Dataset excerpts

*** Begin section ***

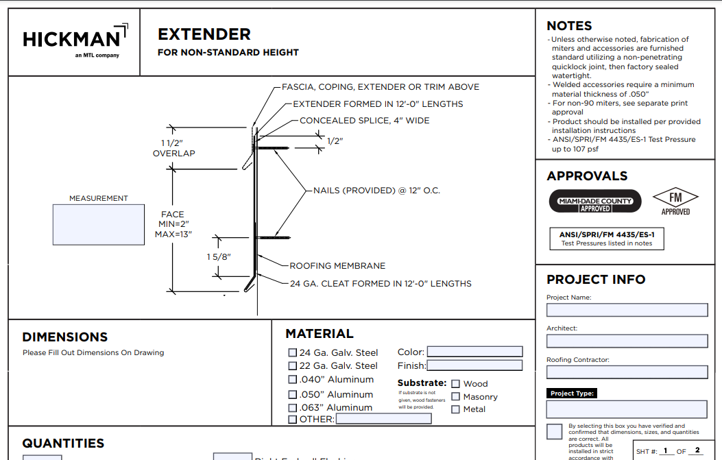 Hickman Edge Systems Extenders are easy to install, and consist of a 24 Ga. galvanized continuous cleat and a formed fascia extender. Our Extenders are available in 12-ft. lengths and with a variety of face heights to accommodate most requirements.
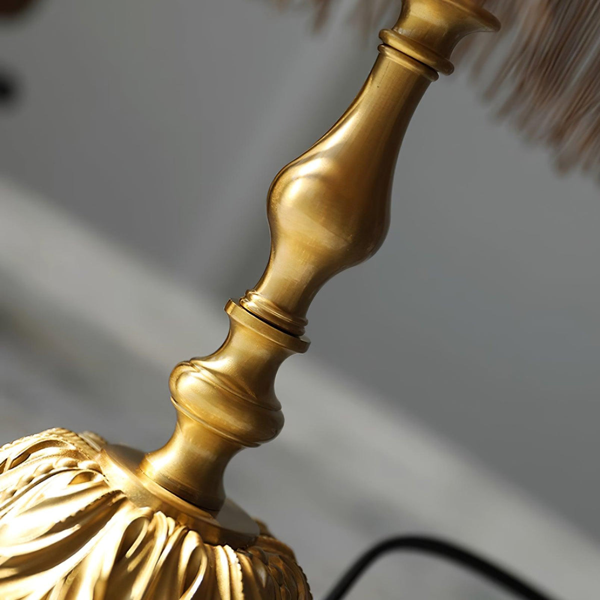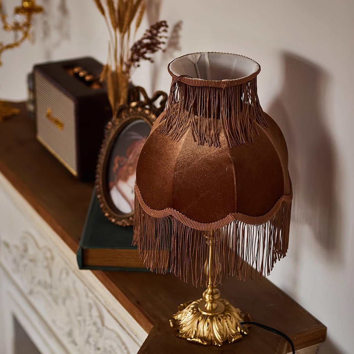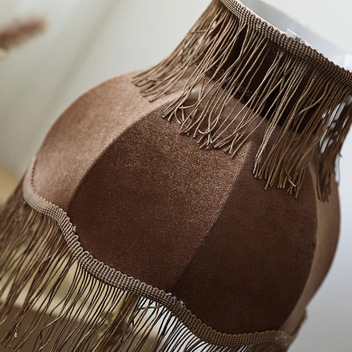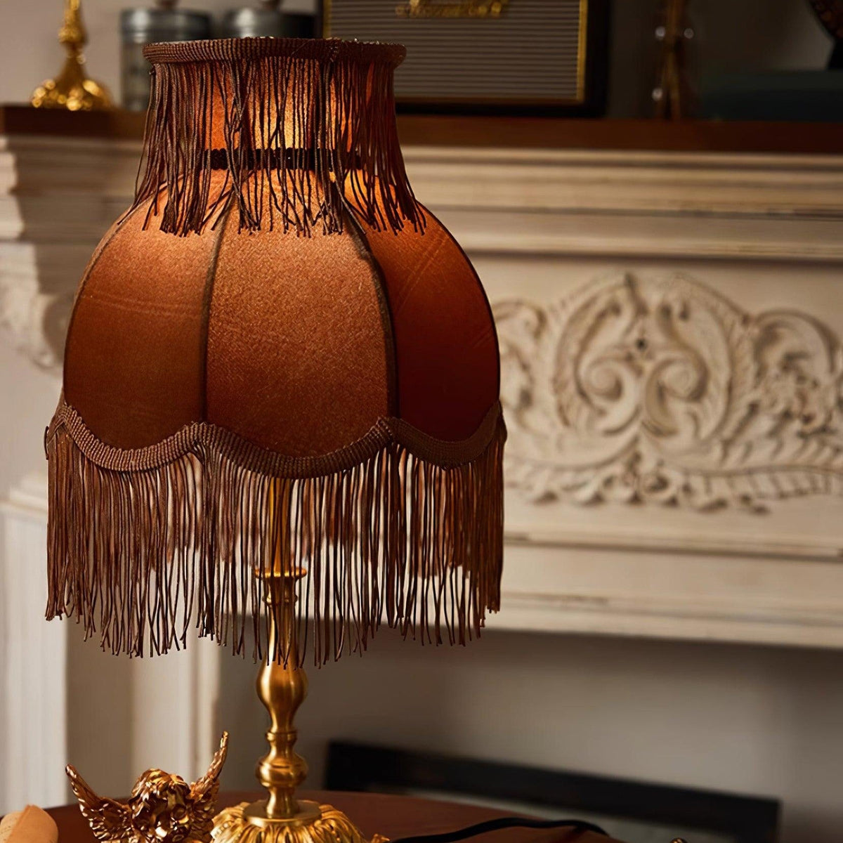 - Elevate your home decor with the stunning Donaway Table Lamp, a grand decoration that embodies luxury and sophistication. This lamp features a beautifully designed tassel lampshade, they cascade gracefully. And crafted with a premium brass base, the Donaway Table Lamp not only ensures durability but also radiates a warm, golden hue that complements its lavish design. The contrast between the rich texture of the tassel shade and the polished brass finish creates a striking visual that is sure to captivate and inspire admiration from your guests.
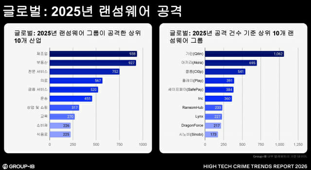 작년에 세계적으로 랜섬웨어 공격을 가장 많이 한 그룹은 킬린(Qilin)으로 나타났다. 또 산업별로는 제조업이, 아시아태평양 지역에선 인도가 가장 많이 공격을 받았다. 디지털 범죄 조사, 예방 및 대응을 위한 사이버 보안 기술 전문 글로벌 기업 그룹아이비(Group-IB, 한국지사장 김기태)는 13일 잠실 롯데 시그니엘 76층 스튜디오에서 '2026년 하이테크 범죄 동향 보고서(High-Tech Crime Trends Report 2026)'를 발표, 이 같은 사실을 공개했다. 보고서에 따르면 킬린은 작년 한해 1062건의 사이보 공격을 감행, 가장 많은 공격 건수를 기록했다. 2위는 아키라(Akira)로 695건, 3위는 클롭(ClOp, 541건), 4위는 플레이(Play, 391건), 5위는 세이프페이(SafePay, 384건)였다. 이어 6위 Inc(360건), 7위 랜섬허브(RansomHub, 233건), 8위 린스(Lynx, 227건), 9위 드래건포스(DragonForce, 217건), 10위 시노비(Sinobi, 173건)로 집계됐다. 또 공격을 많이 받은 산업군 톱10은 제조업이 1위(938건)였고 2위 부동산(927건), 3위 전문서비스(752건), 4위 의료(567건), 5위 금융서비스(520건), 6위 운송(455건), 7위 상업 및 쇼핑(317건), 8위 교육(270건), 9위 소비재(226건), 10위 식음료(225건)로 조사됐다. 이밖에 그룹아이비에 따르면, 아시아태평양 국가중 작년 한해 랜섬웨어 그룹 공격을 가장 많이 받은 지역은 인도가 138건으로 가장 높았다. 인도에 이어 호주(132건), 일본(69건), 태국(63건), 싱가포르(59건), 한국(58건), 대만(57건), 말레이시아(46건), 인도네시아(35건), 중국(30건) 순으로 랜섬웨어 공격을 받았다. 한편 랜섬웨어 추적 사이트 '랜섬웨어닷라이브'에 따르면 작년 세계 랜섬웨어 피해 건수는 8천159건으로 최근 3년래 최고치였다. 국가별로는 미국이 3220곳으로 최다였고 이어 캐나다, 독일, 영국 순으로 많았다.
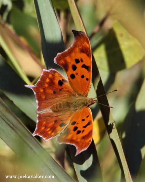 I am unaware of any Exclamation Point Butterflies. There is a ridiculously similar butterfly called the Eastern Comma but I don’t think I’ve ever gotten photos of that one either. JK.
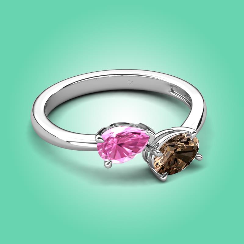 1.65 ctw Pink Sapphire Pear Shape 7x5 mm & Smoky Quartz Oval Shape 7x5 mm with Prong setting Two Stone Duo Women Engagement Ring in Platinum More Details ...
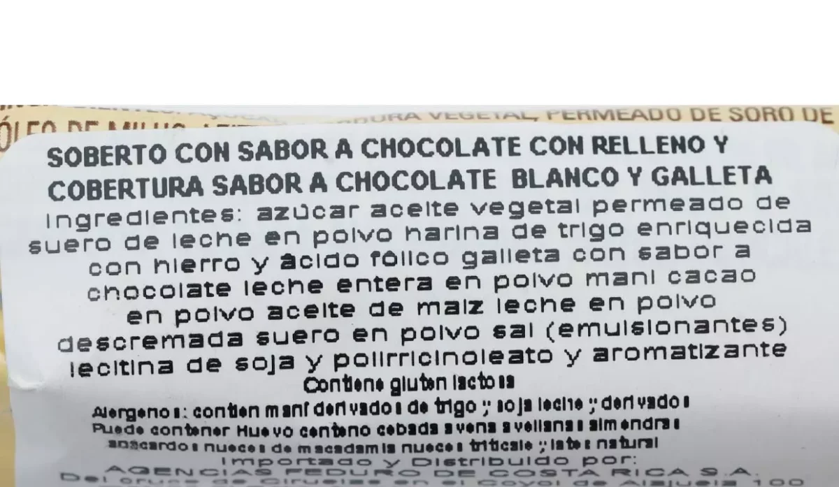 - Azúcar, aceite vegetal, permeado de suero de leche en polvo, harina de trigo enriquecida con hierro y ácido fólico, galleta con sabor a chocolate, leche entera en polvo, maní, cacao en polvo, aceite de maíz, leche en polvo descremada, suero en polvo, sal (emulsionantes), lecitina de soya, polirricinoleato y aromatizante.
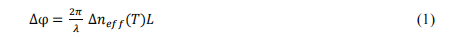 。从该图中,我们可以估算出为引起传播的基本TE模的π相位变化所需的波导核心温度变化(dT)。相位变化与有效折射率变化之间的关系可以从公式(1)中得到,其中L是波导加热部分的长度,λ是工作波长。
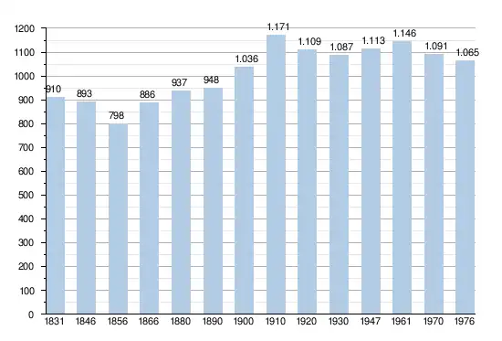 - Sources : INS, Rem. : 1831 jusqu'en 1970 = recensements, 1976 = nombre d'habitants au 31 décembre[2].
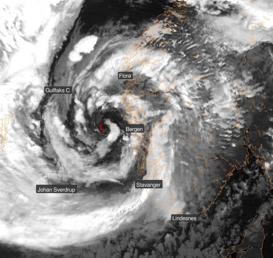 Kart fra Meteorologisk institutt som viser stormen Floris sett ovenfra i dag klokken 05:33. Utover dagen skal vinden spakne, men det vil fortsatt blåse en god del. Foto: Meteorologisk institutt / Handout / NTB
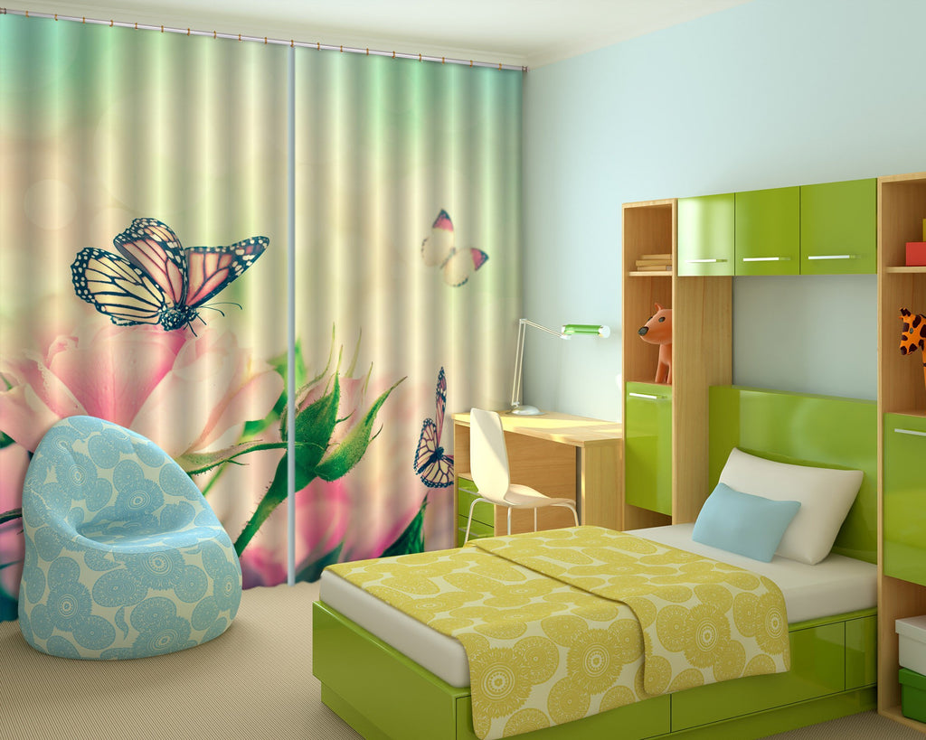 3D Pretty Flowers Butterflies 611 Curtains Drapes
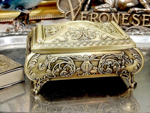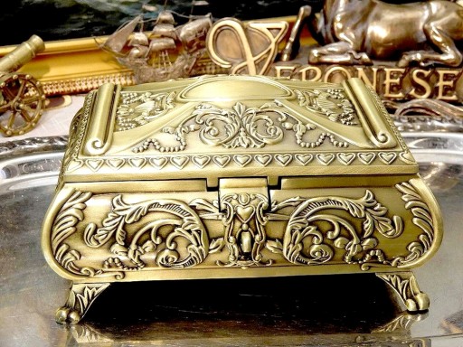 Zapraszam do zakupu efektownej , dość dużej szkatułki Jest wykonana ze stopu cynku, pokryta (platerowana) mosiądzem, ma kolor starego złota .
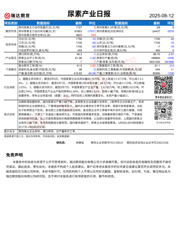 【瑞达期货】【20250812】尿素产业日报-1页 证券期货研究报告
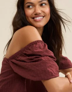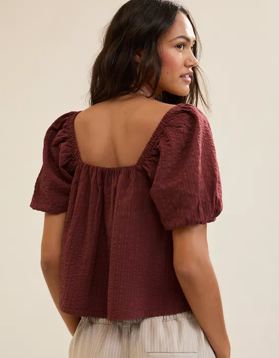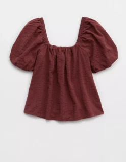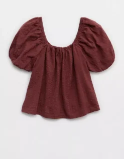 Aerie Seersucker Puff Sleeve Top Dark Rust
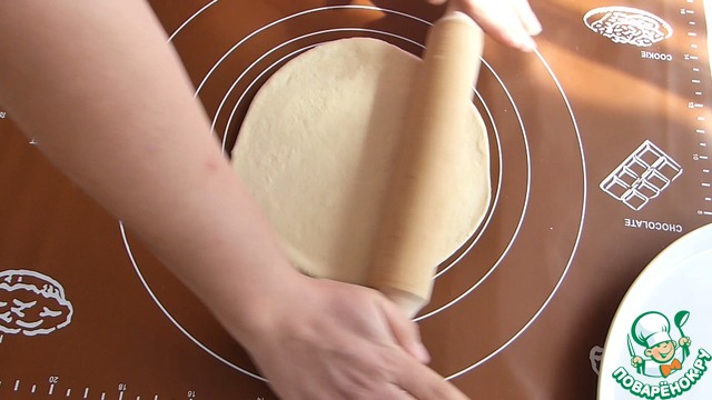 Через 20 минут делим тесто на 2 равных куска, вымешиваем первый кусочек 30 секунд. Раскатываем в круг диаметром 32 см.
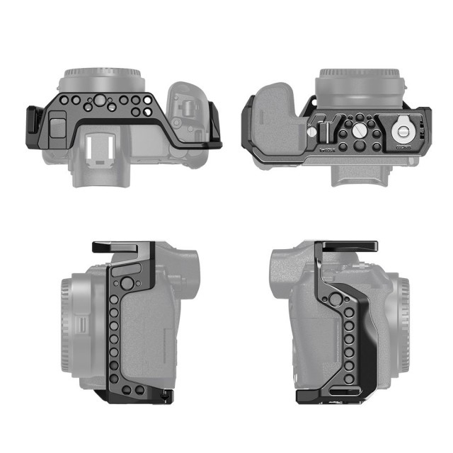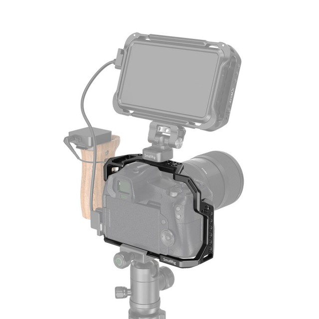 ist ein formschlüssiger Vollkäfig, der Schutz und Zubehörhalterungen für Ihre Kamera bietet. Der Käfig wird mit einer 1/4"-20 Schraube an der Unterseite der Kamera befestigt und verfügt über zwei Stifte zur Verdrehsicherung. Er verfügt über mehrere 1/4"-20- und 3/8"-16-Gewindebohrungen, ARRI-Zubehörgewinde und einen kalten Schuh, der die Montage von Zubehör ermöglicht. Sie können zum Beispiel den SmallRig Top Handle 2165 oder den SmallRig Wooden Side Handle 2093 für handgeführte Aufnahmen montieren, den SmallRig Ball Head Magic Arm 2070 oder den SmallRig Monitor Holder 1842 zur Befestigung eines Monitors. Es funktioniert mit der SmallRig Kabelklemme 1822, um das HDMI-Kabel und den Anschluss zu schützen. Wenn Sie den Canon EF-EOS R Objektivadapter verwenden, können Sie SmallRig BSA2696 verwenden, um den Adapter zu stützen und den Druck des schweren Objektivs zu verringern. Außerdem verfügt der Käfig über eine integrierte Arca Swiss QR-Platte und einen flachen Schraubendreher an der Unterseite.

*** End section ***

**Task details:**
Above are the records. Copy only the lines from the one with "3D Pretty Flowers" through the one with "Через 20 минут", exactly, with no pictures.

**Solution for this task:**
 3D Pretty Flowers Butterflies 611 Curtains Drapes
 Zapraszam do zakupu efektownej , dość dużej szkatułki Jest wykonana ze stopu cynku, pokryta (platerowana) mosiądzem, ma kolor starego złota .
 【瑞达期货】【20250812】尿素产业日报-1页 证券期货研究报告
 Aerie Seersucker Puff Sleeve Top Dark Rust
 Через 20 минут делим тесто на 2 равных куска, вымешиваем первый кусочек 30 секунд. Раскатываем в круг диаметром 32 см.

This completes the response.